Cutting Costs by "Semi-Outsourcing"
The place im working at is into some serious cost-cutting (what business isnt). Recently the people way above my head had a meeting with some account managers from Sun. I can imagine the meeting going something like this:
Sales rep: We can help you achieve better ROI on spent $$$$'s by letting us do more for you but you will still pay the same amount for your Service. Let us help you keeping your Solaris more available and more secure by handling all your OS updates.
Manager: That sounds like a good idea, Id like more $$$$'s to spend on our yearly Golf-tournament.
Sales rep: Thats what we thought, do you want some complimentary golf-balls?
So the meeting trickles down to us the senior admins and we start to groan. My opinion is this:
Keeping 500 unix boxes up-to-date with the latest patches is NO problem whatsoever, aslong as you dont have to think about applications. Ive seen several different patching tools that logs into machines, checks all patches and installs newer ones if needed and then makes a reboot and the machines is back online in no-time. (JASS, N1 *cough*, flar's etc etc). Sounds great on paper and when Sales Rep's talks to Management people. But in the end it comes down to the following 2 problems:
Applications and Service-windows.
Ofcourse all you other people out there work for THE company that has full control over their SLA's and all have their little service-windows every month when its ok to take down the servers and apply OS and security patches, and all your system owners scream of joy when you say you want to apply your quarterly OS patches.

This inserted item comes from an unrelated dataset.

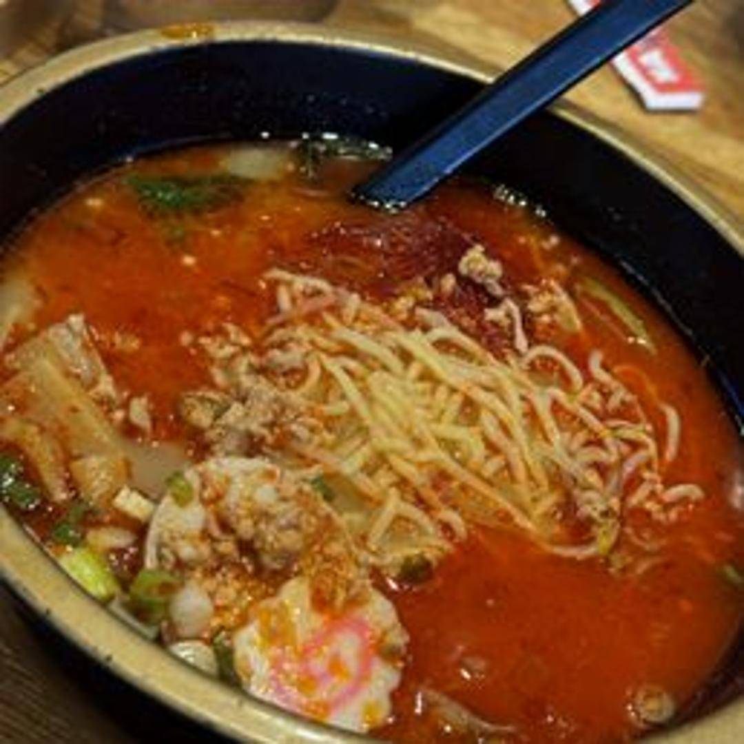 Spicy ramen with a creamy sesame-based broth, topped with ground pork, chili oil, and vegetables.

Why cant management understand that Solaris is easy, applications are hard, you cant apply patches and go home and expect all applications to work as intended when you come back in the morning. After applying patches you need to make sure that the application works as intended. What takes time when it comes to OS/Security patches the troble is getting access to the system, getting some allowed downtime and then making sure everything works as intended after the patches have been applied, GETTING THE PATCHES ON THE SYSTEM IS EASY.
What makes management think that Sun's technicians would do a cheaper/faster/better job at patching our systems? When the problem lies within our own organisation? Hire us some secretaries to keep the paperwork away from us and that can handle booking of downtime and test-personell (or help with some automatic testing tools), and we will make sure that patching goes smoothly from thereon and everafter!!